A Porsche 944 Turbo has a rated engine power of 217 hp. 30% of the power is lost in the engine and the drive train, and 70% reaches the wheels. The total mass of the car and driver is 1480 kg, and two-thirds of the weight is over the drive wheels. (b) If the Porsche accelerates at aₘₐₓ, what is its speed when it reaches maximum power output?

Power is the rate at which work is done or energy is transferred. In the context of vehicles, engine power is crucial for understanding how quickly a car can accelerate. The relationship between power, force, and velocity is given by the equation P = F * v, where P is power, F is force, and v is velocity. This concept helps in determining how much of the engine's power contributes to the car's acceleration.

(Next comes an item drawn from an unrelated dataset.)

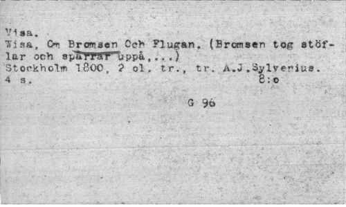 //// Visa. ¦ ' ? //// "Tiiaa, Or Bromsen Och Flugan. (Bronsen tog stöf-lar och spuPraf '"u ppå ,,'..} //// 'Stockholm 1800, ? ol . tr., tr. A.J.Sylvenius. 4 s. 8;o //// 0 96 ////

Acceleration is the rate of change of velocity of an object. In this scenario, the maximum acceleration (aₘₐₓ) can be calculated using Newton's second law, F = m * a, where F is the net force acting on the car, m is its mass, and a is acceleration. Understanding how acceleration relates to the forces acting on the car, including friction and engine power, is essential for determining the car's speed at maximum power output.

Weight distribution refers to how the weight of a vehicle is spread across its wheels. In this case, two-thirds of the car's weight is over the drive wheels, which affects traction and the ability to accelerate. The normal force on the drive wheels influences the frictional force available for acceleration, making it a critical factor in calculating the maximum speed the car can achieve when reaching maximum power output.